Google's mobile search traffic increased by five times in the past two years, buoyed by strong sales of devices based on Google's Android mobile operating system.

Specifically, Schmidt pointed to the Motorola Droid Google launched with the help of a $100 million ad campaign from wireless carrier Verizon Wireless in November 2009.

Google also has high hopes for the Nexus One smartphone, which Google launched Jan. 5 through its new online Webstore. "The Droid and Nexus One show the power of the Android approach," Schmidt said.

However, the Nexus One has been plagued by T-Mobile 3G service issues and concerns about the high cost of the unsubsidized phone and steep early termination charges.  

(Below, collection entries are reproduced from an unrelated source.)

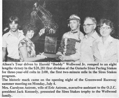 By Robert Smith, Courtesy of Ontario Racing The OSS is celebrating its 50th anniversary season this year with special anniversary dates at tracks around the province where fans will be able to watch OSS Gold or Grassroots races, view memorabilia from seasons past, enjoy giveaways and more. Don’t miss the next celebration date as we kick off the Gold season at Woodbine Mohawk Park this Saturday, May 25. By virtue of its long existence, Woodbine Mohawk Park has undoubtedly hosted the largest number of OSS events, along with London and Rideau Carleton as original “A” track hosts of the now 50 year old series. A portion of the early history of the OSS was recorded at the other two Ontario Jockey Club tracks – Garden City with just three years and Greenwood with 20 years. Both locations closed many years ago. When Mohawk Raceway originally opened the coming of the OSS was well off in the future. On the evening of Friday, April 26, 1963 a reported 4,338 fans flocked to the opening of the track. A nine-race card greeted them and when the pacer David Hal B and driver Pat Crowe crossed the finish wire a winner in the first race in 2:09.1, yet another milestone in Canadian harness racing entered the books. The purses on opening night ranged from a low of $500 to a high of $1,400 for the featured sixth race which was won by Adios Dominion driven by Ken Galbraith. Fast forward to 1974 and the dawning of a new age. The travelling OSS series was somewhat late in arriving at Mohawk due to the racing schedule. When the fall meeting arrived the newfound series debuted at the Campbellville oval which was then a 5/8 mile track. The two-year-old pacing fillies were the first to perform before a Mohawk audience on Oct 19. With a field of 10, they went in a single division which was won by Ruby Patch driven by Ray McLean and owned by the estate of Hugh McLean of Port Elgin, Ont. It was her lone victory of that season in eight starts, but thanks to the purse of nearly $49,000 for that event she ended the season with earnings of $25,499. In the succeeding years, young horses of both gaits have “strutted their stuff ” at what is now Ontario’s showplace for harness racing. OSS Scrapbook Memories Robra Glider “glides” to victory to become the very first winner of an OSS event on June 1,1974 at Garden City Raceway. Ron Feagan, a 32 year old horseman from Goderich, Ont., was in the sulky and was also co-owner of this history-making three-year-old pacer. A son of Meadow Gene – Rich Melody, the colt went on to season’s earnings of $ 40,025. This was a great moment in the history of Ontario harness racing and, of course, the OSS. This winner’s circle was a happy gathering on June 1, 1974 as the very first OSS event became history. The Hon. John Clement, on the far right, welcomes Robra Glider and co-owner Ron Feagan to make a trophy presentation. Bruce Smith, co-owner, was not present for the event. Assisting is Garden City hostess Pat Cranston. Dr. Glen Brown, DVM was one of the original group that helped create the OSS and was a strong proponent of the program from the very start. His guiding hand helped to get the OSS started and he remained a part of the organizational force for many years. He was, of course, in attendance at the inaugural race in 1974. Dr. Brown was a walking, talking history book of harness racing, in general, and certainly knew the entire history of the OSS. He graciously shared his knowledge with me well into his senior years. He left us in May 2022 at age 88 and thankfully lived to see the program reach its full potential. Famed Canadian-born horseman Clint Hodgins was a highly successful participant during the inaugural 1974 season. He’s shown here enjoying a jovial moment with OJC President John Mooney following a victory by his outstanding three-year-old pacing gelding Terry Parker. This horse led all competitors in earnings that first year as he banked a phenomenal $77,312 with $ 63,866 earned in OSS events alone. The groom at the left is Dennis Wicks. It took four years of OSS action before two-minute speed was achieved. In 1977, the three-year-old pacer Aileens Tour, owned by Harold Wellwood Sr. of Stratford Ont., and driven by his 22-year-old son Harold Jr. “Buddy “ became the first horse to record a mile in 2:00 or less when he achieved that milestone at Greenwood Raceway in Toronto on Monday July 4 ,1977. Time of the record-setting mile was 2:00 flat. He would go on to lower that mark later in the season. In 1977, Aileens Tour won 11 OSS events including 10 in a row and 11 out of 12. He set or equalled five track records, including Sudbury, Leamington, Barrie and Windsor. In all, he had 16 wins at age three. Sept. 15, 1984 – Driver Trevor Ritchie is alone at the Mohawk wire as he establishes an all-time OSS speed mark for rookie pacing colts. Wilcos Comet, sired by Armbro Splurge, paced to a 1:58 mile in the $ 53,075 Second Division of The OSS that evening. The first division went to Twin B Playboy (Doug Brown) in a somewhat slower time of 1:59.3. Wilcos Comet was the property of The Golden Horseshoe Stable of East Detroit, Mich., and trained by the late Lew Clark. Share This:Share
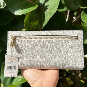 Michael Kors REED Large Flap Bifold Snap Wallet MK Light Cream
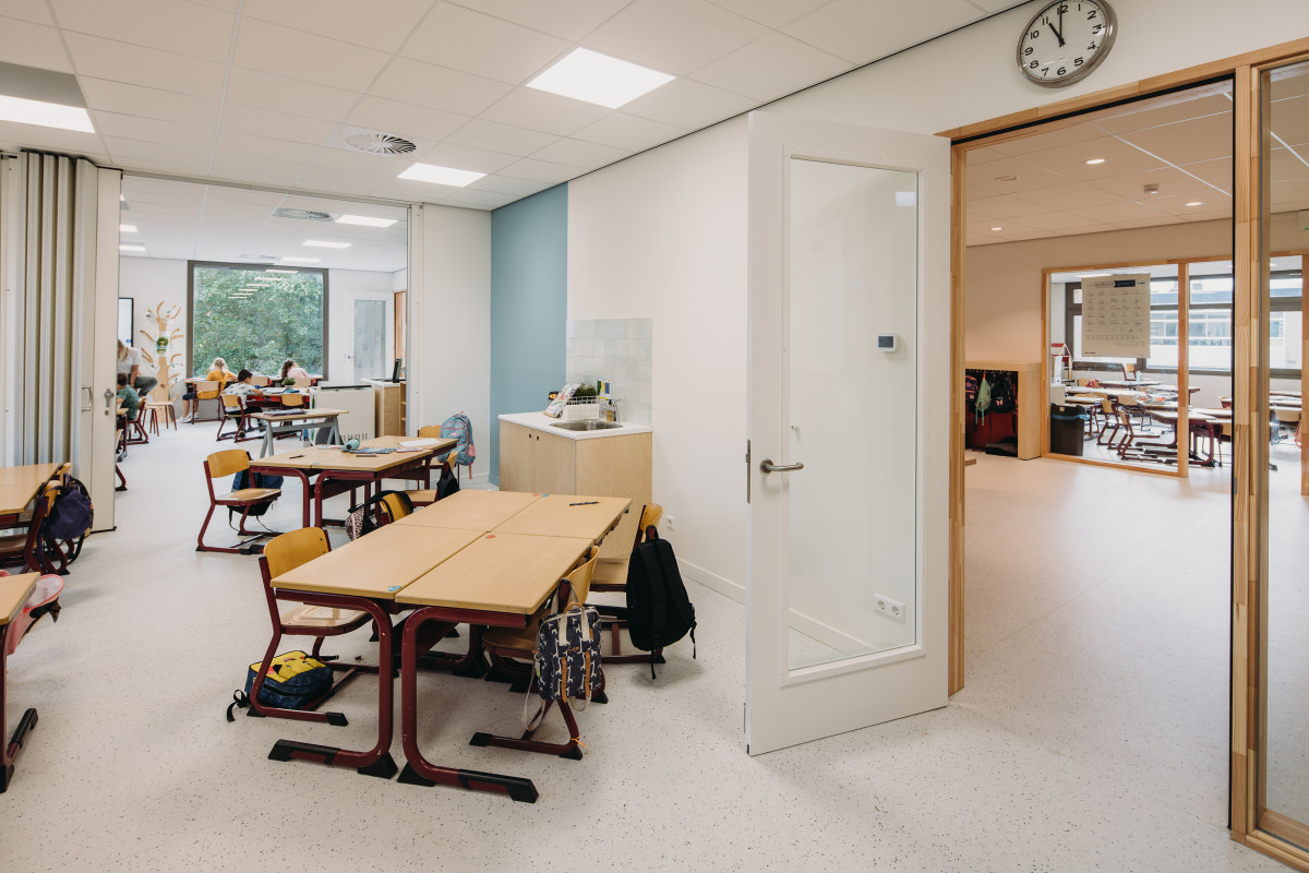 The classrooms are arranged in clusters which surround the assembly hall. To provide the children with a sense of belonging, each cluster consists of three to four classrooms, centred on a learning plaza and a utility hub. Large windows - which mirror the windows of the Zongebouw - ensure that there is easy contact between the classrooms and the learning plazas. By applying flexible partition walls, the classrooms can be interconnected. Each cluster has its own entrance to the assembly hall and direct access to the schoolyard.

The smartphone, based on Android 2.1, sold only 20,000 units in its first week, according to Flurry. Moreover, Google's recent brouhaha with China, which it is threatening to exit after a hack attack on its Gmail accounts, has caused greater uncertainty over Android's viability in that country.

Looking forward in 2010, Schmidt pointed to commerce and social initiatives, and hinted that Google could make acquisitions in any number of areas after ramping up its acquisition strategy. Google bid to buy On2 Technologies, Recaptcha, AdMob, Gizmo5, Teracent and AppJet in 2009.

Schmidt said to expect Google to continue acquiring a company per month, mostly on the small side, in 2010. The company reportedly almost acquired Yelp and is said to be eyeing real-estate-related properties such as Trulia as it seeks to expand its location and commerce-related search.

In other financial facts, Google said its traffic acquisition costs-the portion of revenues that Google shares with its ad partners-accounted for 27 percent of Google's revenues in the fourth quarter, totaling $1.72 billion.

Paid clicks for ads served on Google sites and those of its AdSense partners increased 13 percent from fourth-quarter 2008 and 9 percent over third-quarter 2009.

Google has $24.5 billion in cash. The company employed 19,835 full-time employees through Dec. 31, 2009, up from 19,665 full-time employees through Sept. 30, 2009.